TASK PROMPT: Leaving all pictures aside, copy exactly the lines from the start of the listing below through the line that contains "телеграм-аккаунте Дмитрий Инаятов.", and only those lines.

++++ PROVIDED DATA

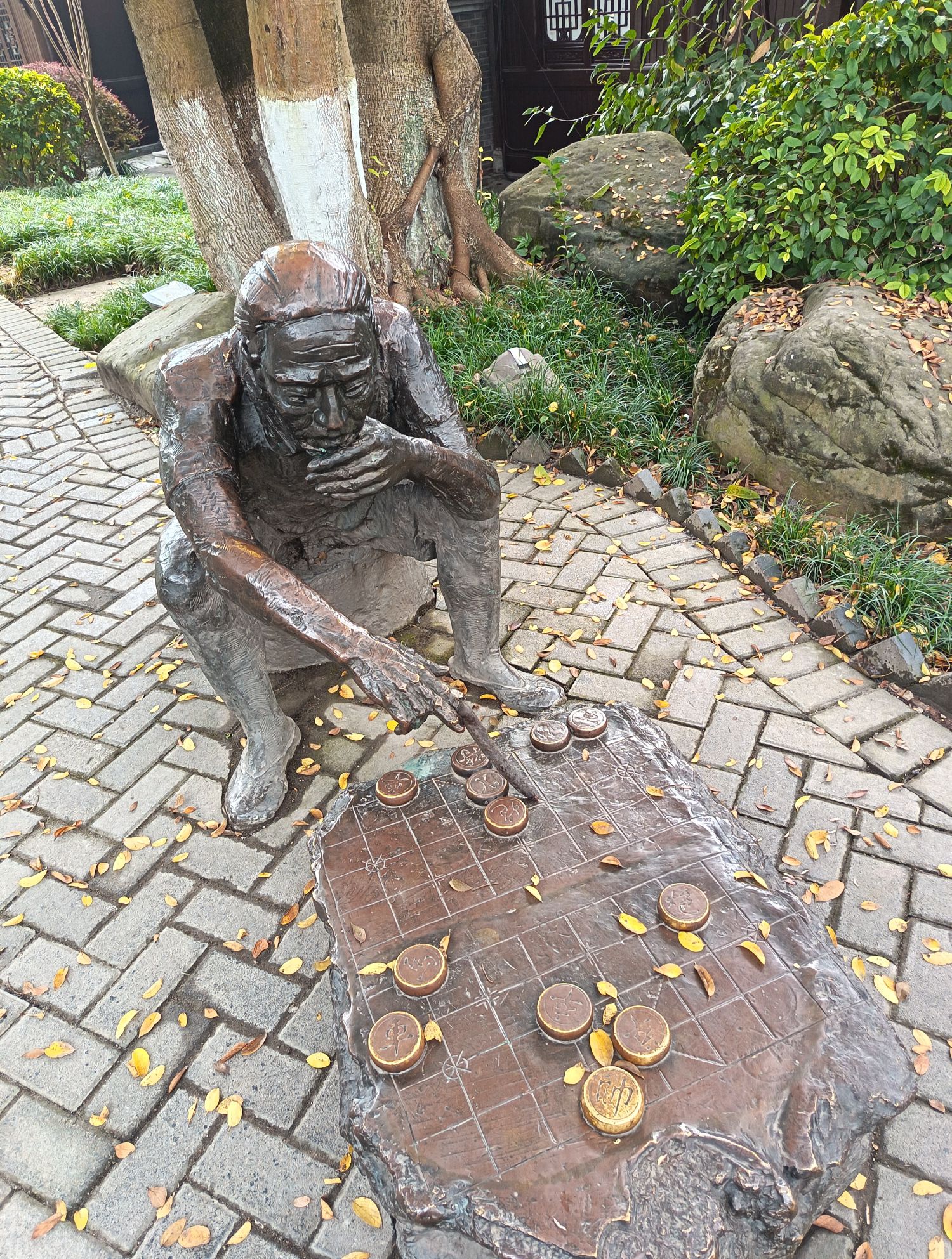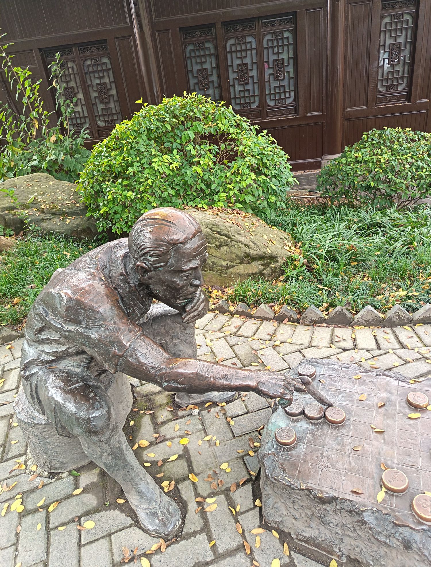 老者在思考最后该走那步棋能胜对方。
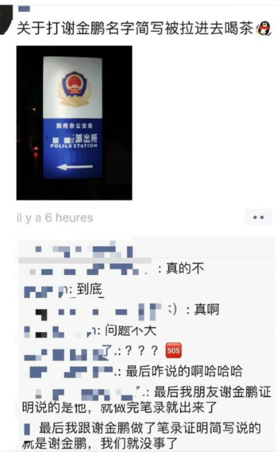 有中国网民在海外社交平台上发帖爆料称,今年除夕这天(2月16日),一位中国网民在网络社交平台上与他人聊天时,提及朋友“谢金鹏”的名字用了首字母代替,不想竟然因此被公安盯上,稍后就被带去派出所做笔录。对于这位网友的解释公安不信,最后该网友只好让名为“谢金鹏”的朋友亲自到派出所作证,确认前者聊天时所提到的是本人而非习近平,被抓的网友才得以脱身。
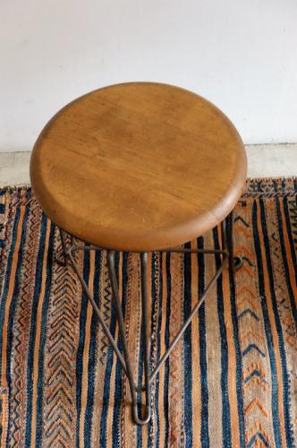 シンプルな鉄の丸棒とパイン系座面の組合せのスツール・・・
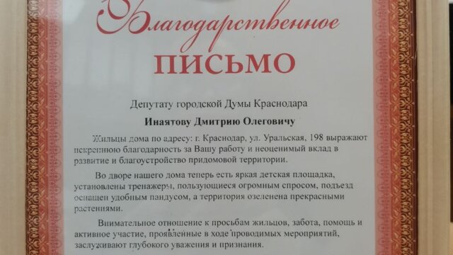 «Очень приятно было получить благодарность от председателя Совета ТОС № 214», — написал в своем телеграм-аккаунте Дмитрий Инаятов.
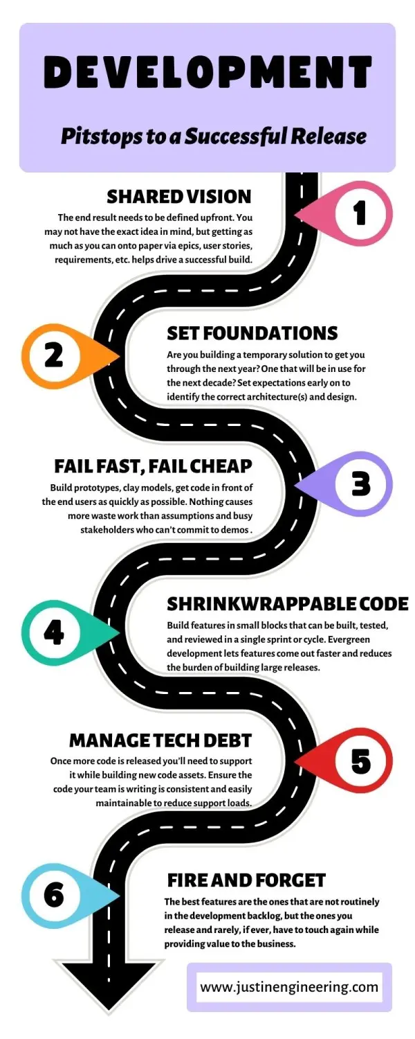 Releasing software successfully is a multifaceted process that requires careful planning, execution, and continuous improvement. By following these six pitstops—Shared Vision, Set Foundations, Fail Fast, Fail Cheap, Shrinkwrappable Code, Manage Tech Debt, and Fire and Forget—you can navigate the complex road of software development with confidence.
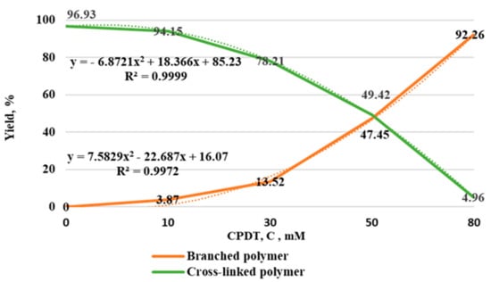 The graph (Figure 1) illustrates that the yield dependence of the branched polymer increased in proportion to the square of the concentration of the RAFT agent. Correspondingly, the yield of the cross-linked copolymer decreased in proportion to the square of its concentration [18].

++++++++

SOLUTION BELOW:
 老者在思考最后该走那步棋能胜对方。
 有中国网民在海外社交平台上发帖爆料称,今年除夕这天(2月16日),一位中国网民在网络社交平台上与他人聊天时,提及朋友“谢金鹏”的名字用了首字母代替,不想竟然因此被公安盯上,稍后就被带去派出所做笔录。对于这位网友的解释公安不信,最后该网友只好让名为“谢金鹏”的朋友亲自到派出所作证,确认前者聊天时所提到的是本人而非习近平,被抓的网友才得以脱身。
 シンプルな鉄の丸棒とパイン系座面の組合せのスツール・・・
 «Очень приятно было получить благодарность от председателя Совета ТОС № 214», — написал в своем телеграм-аккаунте Дмитрий Инаятов.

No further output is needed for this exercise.